Task goal
Reproduce the complete set of records exactly. No picture is to appear in the copy.

Dataset items
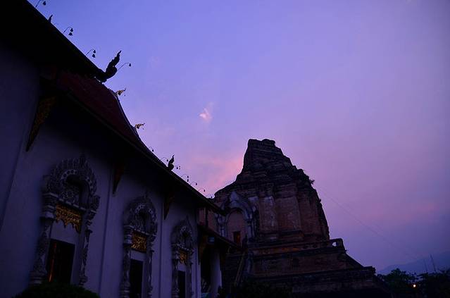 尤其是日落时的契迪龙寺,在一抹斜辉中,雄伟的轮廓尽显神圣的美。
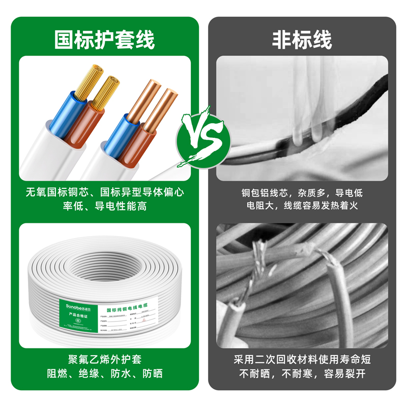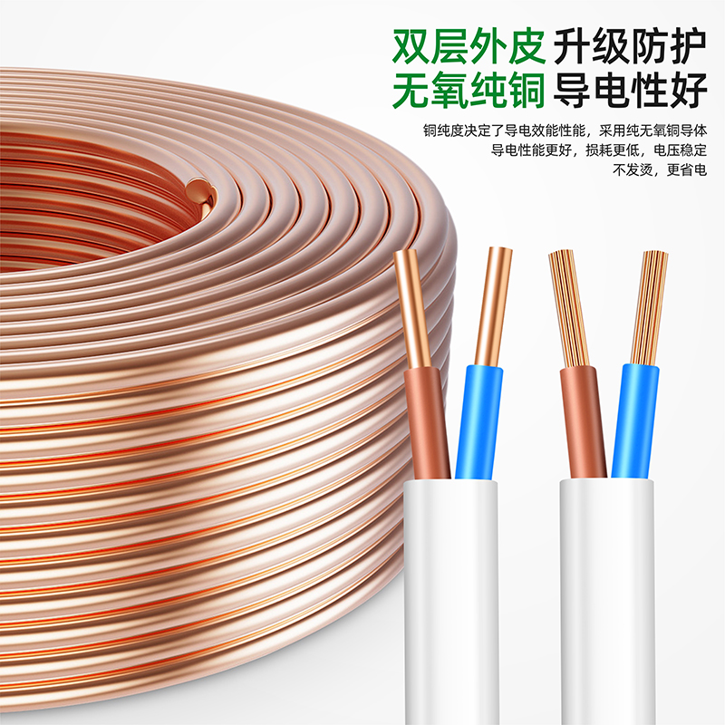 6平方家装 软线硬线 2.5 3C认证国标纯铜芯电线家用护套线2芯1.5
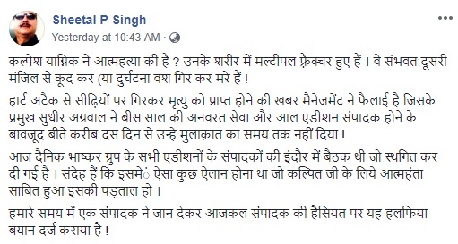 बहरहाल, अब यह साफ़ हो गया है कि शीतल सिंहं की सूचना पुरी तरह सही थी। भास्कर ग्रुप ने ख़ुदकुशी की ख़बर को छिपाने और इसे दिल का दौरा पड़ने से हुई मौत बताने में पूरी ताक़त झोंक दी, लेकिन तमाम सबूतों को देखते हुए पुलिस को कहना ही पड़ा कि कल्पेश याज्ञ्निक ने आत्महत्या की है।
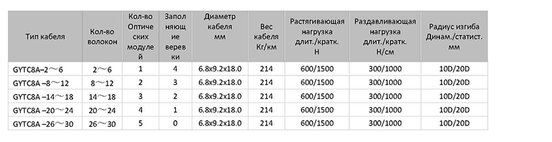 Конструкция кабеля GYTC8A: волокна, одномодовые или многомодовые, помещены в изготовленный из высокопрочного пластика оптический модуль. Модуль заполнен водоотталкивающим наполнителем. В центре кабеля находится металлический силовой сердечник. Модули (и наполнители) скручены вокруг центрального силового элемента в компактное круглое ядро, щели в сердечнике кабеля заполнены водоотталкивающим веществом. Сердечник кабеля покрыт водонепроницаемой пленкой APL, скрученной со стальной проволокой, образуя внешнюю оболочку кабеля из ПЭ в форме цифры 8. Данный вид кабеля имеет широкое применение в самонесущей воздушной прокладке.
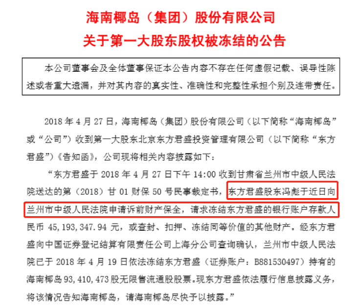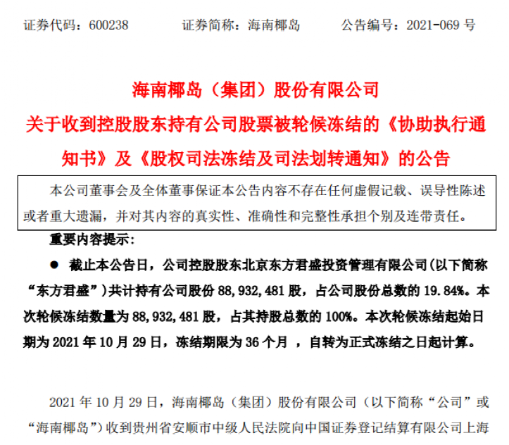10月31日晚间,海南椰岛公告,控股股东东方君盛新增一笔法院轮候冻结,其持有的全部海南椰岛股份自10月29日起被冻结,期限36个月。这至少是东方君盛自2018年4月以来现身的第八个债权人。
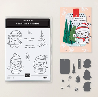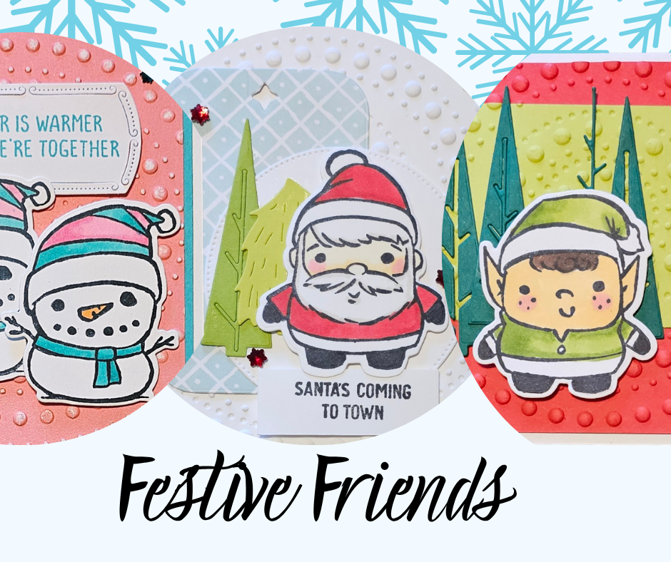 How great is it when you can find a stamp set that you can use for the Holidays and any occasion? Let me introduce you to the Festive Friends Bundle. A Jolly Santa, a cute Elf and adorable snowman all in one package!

Response to the exercise
 尤其是日落时的契迪龙寺,在一抹斜辉中,雄伟的轮廓尽显神圣的美。
 6平方家装 软线硬线 2.5 3C认证国标纯铜芯电线家用护套线2芯1.5
 बहरहाल, अब यह साफ़ हो गया है कि शीतल सिंहं की सूचना पुरी तरह सही थी। भास्कर ग्रुप ने ख़ुदकुशी की ख़बर को छिपाने और इसे दिल का दौरा पड़ने से हुई मौत बताने में पूरी ताक़त झोंक दी, लेकिन तमाम सबूतों को देखते हुए पुलिस को कहना ही पड़ा कि कल्पेश याज्ञ्निक ने आत्महत्या की है।
 Конструкция кабеля GYTC8A: волокна, одномодовые или многомодовые, помещены в изготовленный из высокопрочного пластика оптический модуль. Модуль заполнен водоотталкивающим наполнителем. В центре кабеля находится металлический силовой сердечник. Модули (и наполнители) скручены вокруг центрального силового элемента в компактное круглое ядро, щели в сердечнике кабеля заполнены водоотталкивающим веществом. Сердечник кабеля покрыт водонепроницаемой пленкой APL, скрученной со стальной проволокой, образуя внешнюю оболочку кабеля из ПЭ в форме цифры 8. Данный вид кабеля имеет широкое применение в самонесущей воздушной прокладке.
10月31日晚间,海南椰岛公告,控股股东东方君盛新增一笔法院轮候冻结,其持有的全部海南椰岛股份自10月29日起被冻结,期限36个月。这至少是东方君盛自2018年4月以来现身的第八个债权人。
 How great is it when you can find a stamp set that you can use for the Holidays and any occasion? Let me introduce you to the Festive Friends Bundle. A Jolly Santa, a cute Elf and adorable snowman all in one package!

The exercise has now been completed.